### Exercise goal
Until the line containing "Ga STEM Institute @ Gulfstream" has been reproduced, keep reproducing each line of the material below exactly, starting with the first.

(Input for this task begins)

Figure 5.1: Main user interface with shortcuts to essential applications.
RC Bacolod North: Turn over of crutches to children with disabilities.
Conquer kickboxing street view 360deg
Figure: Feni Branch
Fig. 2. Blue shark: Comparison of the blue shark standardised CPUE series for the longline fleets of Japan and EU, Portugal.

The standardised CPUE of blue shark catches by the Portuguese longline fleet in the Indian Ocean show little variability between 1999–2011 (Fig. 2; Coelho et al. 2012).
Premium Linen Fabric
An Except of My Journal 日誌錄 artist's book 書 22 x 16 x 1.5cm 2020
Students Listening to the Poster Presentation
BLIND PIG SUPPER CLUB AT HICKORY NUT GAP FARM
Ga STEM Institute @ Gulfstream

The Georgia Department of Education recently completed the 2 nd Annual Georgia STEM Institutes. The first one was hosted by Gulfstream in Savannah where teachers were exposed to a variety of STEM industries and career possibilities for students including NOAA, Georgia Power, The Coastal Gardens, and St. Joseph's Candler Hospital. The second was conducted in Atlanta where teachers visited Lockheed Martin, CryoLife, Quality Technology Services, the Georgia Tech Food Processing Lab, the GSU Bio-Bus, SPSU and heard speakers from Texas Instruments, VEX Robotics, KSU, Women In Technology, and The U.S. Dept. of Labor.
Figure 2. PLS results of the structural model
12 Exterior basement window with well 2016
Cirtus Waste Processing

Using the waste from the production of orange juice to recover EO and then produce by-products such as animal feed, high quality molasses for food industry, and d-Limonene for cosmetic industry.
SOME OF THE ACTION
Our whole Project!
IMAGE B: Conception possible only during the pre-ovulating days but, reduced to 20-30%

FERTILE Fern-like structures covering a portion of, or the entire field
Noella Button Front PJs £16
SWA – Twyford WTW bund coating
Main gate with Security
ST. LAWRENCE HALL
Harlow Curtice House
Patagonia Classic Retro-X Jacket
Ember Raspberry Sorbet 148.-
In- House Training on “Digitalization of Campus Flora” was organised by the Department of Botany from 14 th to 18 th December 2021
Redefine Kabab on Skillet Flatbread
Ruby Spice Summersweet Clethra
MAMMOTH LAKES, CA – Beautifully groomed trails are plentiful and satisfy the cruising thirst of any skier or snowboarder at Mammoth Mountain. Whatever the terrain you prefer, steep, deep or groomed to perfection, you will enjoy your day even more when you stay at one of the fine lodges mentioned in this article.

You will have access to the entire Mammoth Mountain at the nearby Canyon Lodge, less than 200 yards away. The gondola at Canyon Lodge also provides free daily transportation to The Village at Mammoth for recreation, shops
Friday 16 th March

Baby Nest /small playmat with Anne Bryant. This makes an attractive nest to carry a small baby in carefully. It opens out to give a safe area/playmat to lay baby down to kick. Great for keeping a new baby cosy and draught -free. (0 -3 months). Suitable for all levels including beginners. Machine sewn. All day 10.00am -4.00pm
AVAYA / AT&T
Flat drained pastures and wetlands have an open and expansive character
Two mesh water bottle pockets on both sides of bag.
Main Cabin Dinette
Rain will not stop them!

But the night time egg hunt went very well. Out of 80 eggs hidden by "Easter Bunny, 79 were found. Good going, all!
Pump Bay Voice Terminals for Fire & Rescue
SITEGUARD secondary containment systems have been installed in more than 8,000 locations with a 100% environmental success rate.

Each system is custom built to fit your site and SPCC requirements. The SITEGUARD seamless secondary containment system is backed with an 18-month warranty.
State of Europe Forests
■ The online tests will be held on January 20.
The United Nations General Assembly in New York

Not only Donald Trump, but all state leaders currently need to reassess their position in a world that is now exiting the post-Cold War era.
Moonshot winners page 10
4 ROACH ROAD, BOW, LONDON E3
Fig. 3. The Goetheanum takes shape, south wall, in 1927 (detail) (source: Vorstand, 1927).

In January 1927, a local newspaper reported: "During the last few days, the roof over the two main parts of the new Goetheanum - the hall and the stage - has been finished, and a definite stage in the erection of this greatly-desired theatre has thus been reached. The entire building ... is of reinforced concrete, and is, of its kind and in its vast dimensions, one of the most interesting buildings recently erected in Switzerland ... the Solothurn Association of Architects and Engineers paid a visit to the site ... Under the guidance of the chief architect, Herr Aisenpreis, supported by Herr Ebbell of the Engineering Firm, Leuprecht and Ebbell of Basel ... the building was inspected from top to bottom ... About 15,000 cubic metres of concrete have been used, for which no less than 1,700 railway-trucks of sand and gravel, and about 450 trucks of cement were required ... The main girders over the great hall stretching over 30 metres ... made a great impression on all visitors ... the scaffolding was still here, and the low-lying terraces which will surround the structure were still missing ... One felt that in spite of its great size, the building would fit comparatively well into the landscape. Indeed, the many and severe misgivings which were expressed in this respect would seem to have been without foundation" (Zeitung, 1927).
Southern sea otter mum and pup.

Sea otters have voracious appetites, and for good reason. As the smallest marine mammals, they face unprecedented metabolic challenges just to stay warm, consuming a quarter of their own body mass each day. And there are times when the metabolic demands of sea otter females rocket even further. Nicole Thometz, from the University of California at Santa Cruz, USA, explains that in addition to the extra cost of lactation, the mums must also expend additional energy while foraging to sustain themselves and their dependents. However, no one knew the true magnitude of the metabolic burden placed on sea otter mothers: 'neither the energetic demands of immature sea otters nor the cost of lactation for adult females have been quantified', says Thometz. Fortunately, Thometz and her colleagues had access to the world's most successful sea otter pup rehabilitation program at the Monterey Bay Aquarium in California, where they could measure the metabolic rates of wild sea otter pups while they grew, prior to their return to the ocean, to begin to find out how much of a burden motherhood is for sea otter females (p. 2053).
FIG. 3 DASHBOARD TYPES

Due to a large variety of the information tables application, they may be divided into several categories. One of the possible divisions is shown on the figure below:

(Input for this task ends)

### Answer area
Figure 5.1: Main user interface with shortcuts to essential applications.
RC Bacolod North: Turn over of crutches to children with disabilities.
Conquer kickboxing street view 360deg
Figure: Feni Branch
Fig. 2. Blue shark: Comparison of the blue shark standardised CPUE series for the longline fleets of Japan and EU, Portugal.

The standardised CPUE of blue shark catches by the Portuguese longline fleet in the Indian Ocean show little variability between 1999–2011 (Fig. 2; Coelho et al. 2012).
Premium Linen Fabric
An Except of My Journal 日誌錄 artist's book 書 22 x 16 x 1.5cm 2020
Students Listening to the Poster Presentation
BLIND PIG SUPPER CLUB AT HICKORY NUT GAP FARM
Ga STEM Institute @ Gulfstream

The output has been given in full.